++++ SUPPLIED INFORMATION
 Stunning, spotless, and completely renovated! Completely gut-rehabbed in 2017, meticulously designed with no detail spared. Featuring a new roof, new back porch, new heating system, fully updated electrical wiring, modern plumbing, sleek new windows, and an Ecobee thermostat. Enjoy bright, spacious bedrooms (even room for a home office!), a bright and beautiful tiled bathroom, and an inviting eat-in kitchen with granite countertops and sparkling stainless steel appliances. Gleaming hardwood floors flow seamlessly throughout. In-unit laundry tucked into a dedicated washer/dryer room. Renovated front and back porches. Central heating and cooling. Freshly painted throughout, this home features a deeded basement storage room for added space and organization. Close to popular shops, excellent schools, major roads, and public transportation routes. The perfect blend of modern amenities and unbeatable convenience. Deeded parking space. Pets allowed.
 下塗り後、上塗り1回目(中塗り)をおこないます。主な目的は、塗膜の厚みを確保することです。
++++++++
++++ SUPPLIED INFORMATION
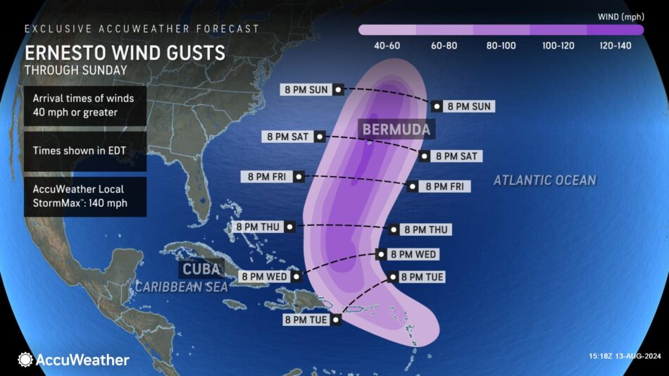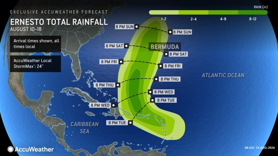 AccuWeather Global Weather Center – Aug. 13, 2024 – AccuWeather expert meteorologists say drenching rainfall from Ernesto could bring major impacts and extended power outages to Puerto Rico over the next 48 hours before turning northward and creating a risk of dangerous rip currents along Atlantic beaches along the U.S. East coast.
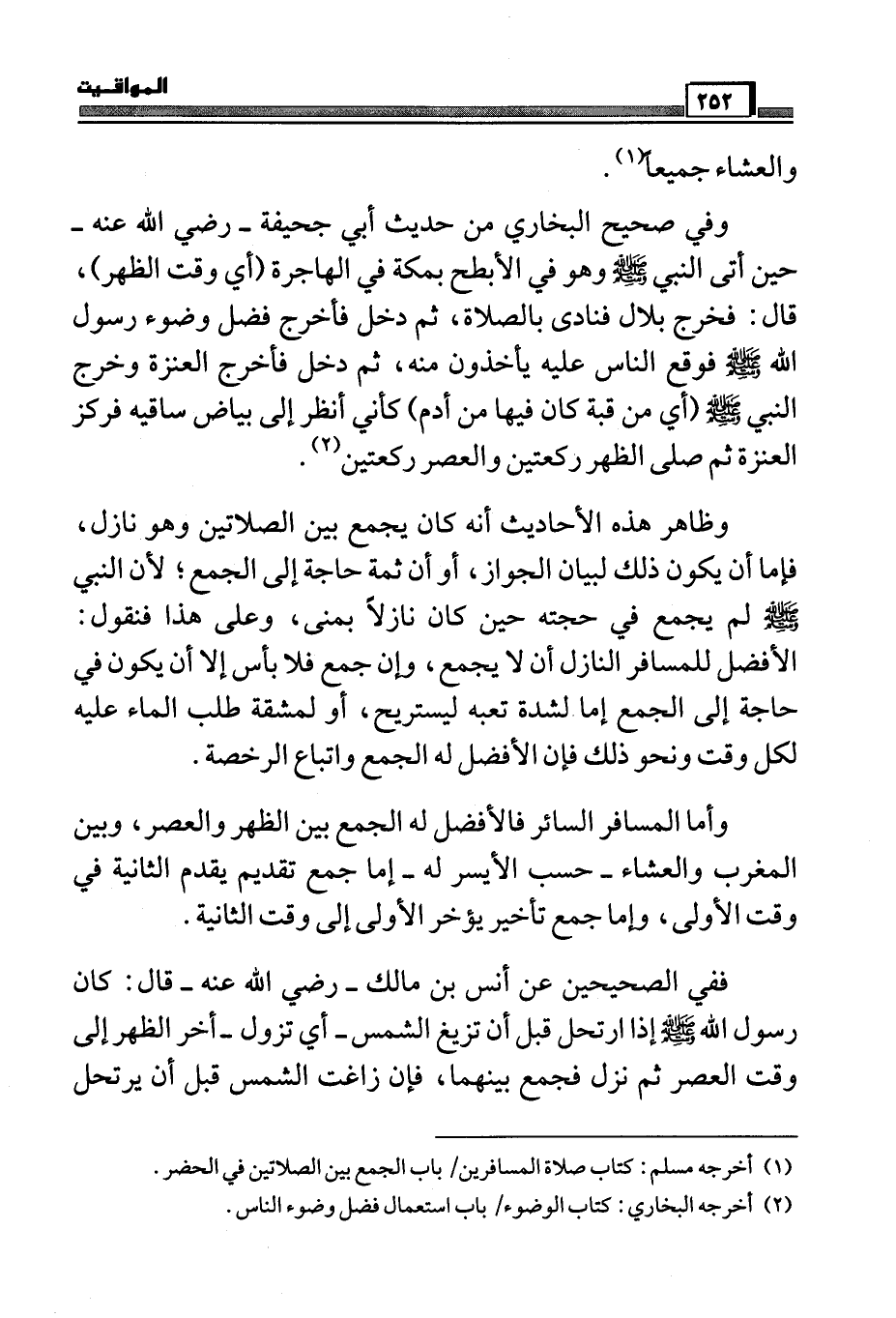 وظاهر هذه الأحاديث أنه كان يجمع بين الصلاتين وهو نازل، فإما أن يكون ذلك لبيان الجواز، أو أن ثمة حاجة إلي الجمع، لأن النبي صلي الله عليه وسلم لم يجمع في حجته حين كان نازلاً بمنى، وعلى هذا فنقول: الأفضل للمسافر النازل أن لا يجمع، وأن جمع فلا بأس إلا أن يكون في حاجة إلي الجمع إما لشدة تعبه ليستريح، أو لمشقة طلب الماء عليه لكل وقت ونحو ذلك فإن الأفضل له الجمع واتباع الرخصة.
++++++++
* TASK ITEM
Reproduce the entries above exactly, but only the lines between the line holding "Stunning, spotless, and" and the line holding "下塗り後、上塗り1回目(中塗", inclusive.

* OUTPUT FOR THIS EXERCISE
 Stunning, spotless, and completely renovated! Completely gut-rehabbed in 2017, meticulously designed with no detail spared. Featuring a new roof, new back porch, new heating system, fully updated electrical wiring, modern plumbing, sleek new windows, and an Ecobee thermostat. Enjoy bright, spacious bedrooms (even room for a home office!), a bright and beautiful tiled bathroom, and an inviting eat-in kitchen with granite countertops and sparkling stainless steel appliances. Gleaming hardwood floors flow seamlessly throughout. In-unit laundry tucked into a dedicated washer/dryer room. Renovated front and back porches. Central heating and cooling. Freshly painted throughout, this home features a deeded basement storage room for added space and organization. Close to popular shops, excellent schools, major roads, and public transportation routes. The perfect blend of modern amenities and unbeatable convenience. Deeded parking space. Pets allowed.
 下塗り後、上塗り1回目(中塗り)をおこないます。主な目的は、塗膜の厚みを確保することです。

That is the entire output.